Fred Kagan of Neocon Central, better known as the American Enterprise Institute (AEI), is credited with being one of the main intellectual godfather's of McCain's Iraq escalation project, The Surge. He's just issued a new, lenghty manifesto about why the antiwar movement is evil and in league with Hell: Why Iraq Matters: Talking back to antiwar-party talking points National Review Online 04/07/08.
The greatest specialty of the neocons is their talent for invective. I don't call them "Trotskyists" as some of the Old Right isolationist types do. But 1930s Troskyism and the hair-splitting sectarian disputes that went with it is part of the bedrock intellectual foundation of neoconservatism. The more orthodox Marxists may have had a point even in the 1930s when it accused Troskyism of being reactionary ideology in Marxist disguise. But I won't go there in this post.
In Kagan's first three paragraphs, he set the stage with favorite Republican and neocon images of scorn and "truisms" of dubious historical foundation. Like: War opponents are "hyper-sophisticates" (unlike down-home good ole boys like Fred Kagan and William Kristol); the wicked left forced the US to "lose" the Vietnam War; these hyper-sophisticates have offered their devious arguments "during every major conflict" the US has had (meaning that some of us war critics possess a remarkable longetivity); the "American foreign-policy and intellectual establishment" opposes the Iraq War (standard posturing for rightwingers who like to imagine themselves as bold rebels against "political correctness" but not entirely wrong in this case as the Iraq Study Group report in 2006 showed); winning and losing are clear-cut alternatives in the Iraq War; if war critics aren't totally confident they can predict what the Middle East will look like 50 years from now we should just shut the hell up; the war critics are so devious and slippery that they change their criticisms when conditions change during the course of this particular Long War; war opponents are gleeful when the Bad People kill the Good People; and, of course, we war opponents are all trembling Neville Chamberlains who refuse the higher wisdom of Churchillian leaders like Fred Kagan.

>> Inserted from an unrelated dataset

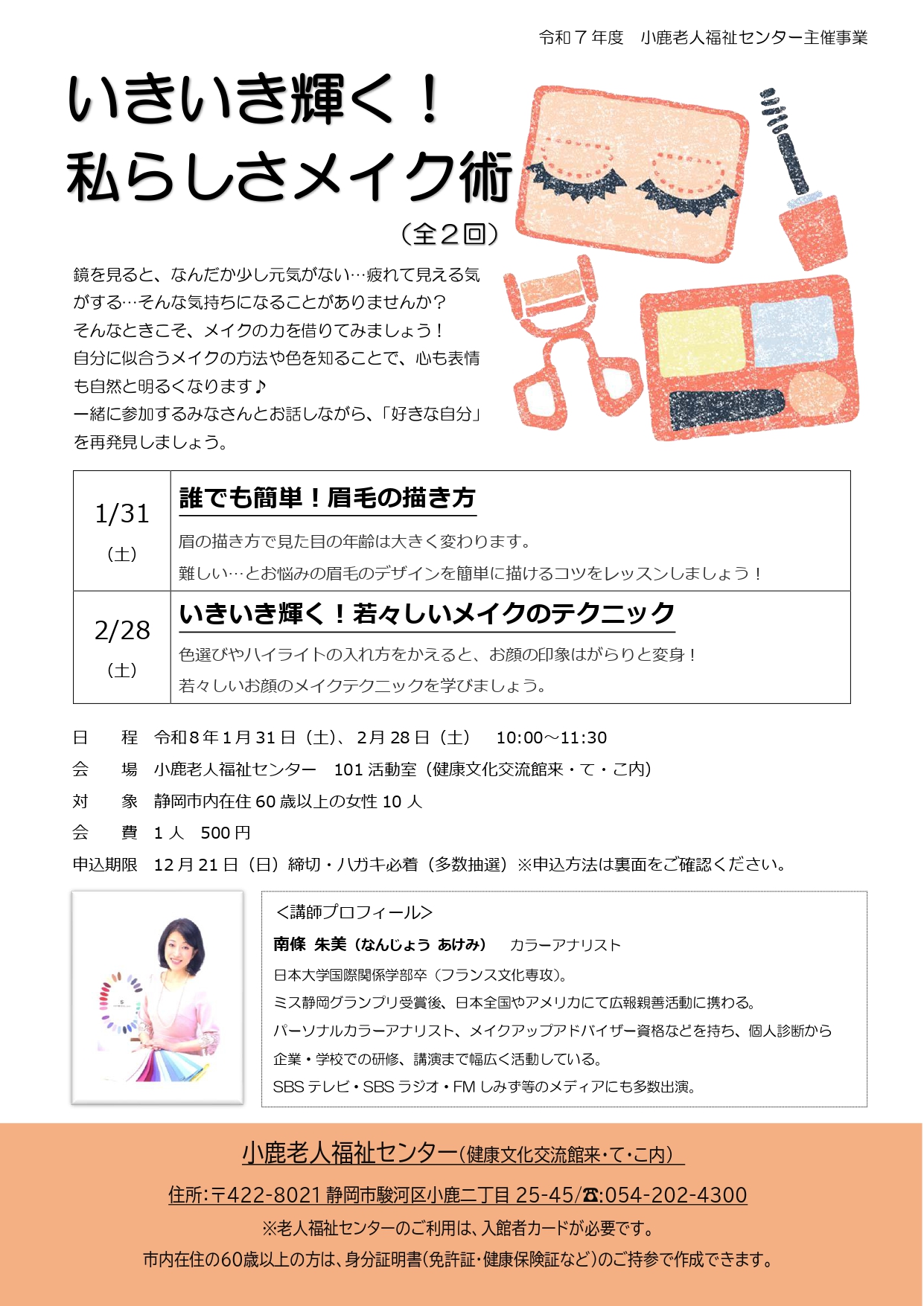 | 内容 | 眉毛の描き方、メイクのテクニックを学びます。眉毛やメイクの色選びでお顔の印象はがらりと変わります! ちょっとした工夫で、毎日がもっと楽しくなるメイクを一緒に学びましょう。 |

If these sound like debating points, they are.
And that's a big problem with an awful lot of neocon writing on foreign policy. It's long on polemics, short on analysis - and often not very scrupulous about facts.
One thing I see in Freddie's debating points is that he's nervous about war opponents emphasizing the swelling cost of the neocon's merry little adventure in Mesopotamia. Military spending is a much lower percentage of the GDP and the federal budget than it once was, both of which I think are true though I would never assume Freddie's statistics in a polemic like this were reliable.
He makes a point that's remarkable for its ditsiness: The US presence in the Middle East doesn't cause oil supplies to go up. Because it's conflict and instability in the Middle East that cause oil prices to go up. Therefore our war in Iraq has nothing to do with it! I should be fair, though, and assume that Freddie has only been listening to people who say that the physical presence of human being with American passports in Iraq is what's causing oil prices to rise. It somehow may not have registered with him that war critics are usually referring to the war that the Cheney-Bush administration initiated in Iraq as what is affecting oil prices.
All that hippie stuff of worrying about what other things might be done with the money actually being spent on the war is incomprehensible to Freddie. If there weren't a war we would have to spend all that money on other military stuff. Why, he says, "the Air Force is just about at the bake-sell level [i.e., needing to hold bake sales to raise money] thanks to consistent underspending on defense since 1991". Wow! Who knew? We sure wouldn't want Al Qa'ida high-tech air force attacking us tomorrow, would we?
That brings us up to page 4 of 9, and suddently I feel a severe attack of narcolepsy coming on. Or maybe it's just mega-boredom. After that it descends into setting up straw-man talking points and knocking them brilliantly down.
You know, with all that has been said and written about the Iraq War, you would think that Freddie could have found some actual war opponents to quote on their points. But I only caught one passing reference to one of Barack Obama's criticisms in this nine-page diatribe. Gee, with 60% or so of the public saying they want to US out of Iraq, you would think he could have gotten a few actual arguments from actual war opponents. Shoot, he could have just picked people randomly on the street of any city and found some.
But it is a marvel to behold how neocons can instantly change the subject to the Second World War and make some goofy analogy to support their argument of the moment. It may not make jack for sense. But somehow it lets us imagine we're fighting the Good War, not a nasty, hopeless little colonial-type war in Iraq.
What's even more impressive, in a shake-your-head-in-amazement kind of way, is how Freddie views everything that happens in Iraq as a victory for Our Side. It's all good for Freddie.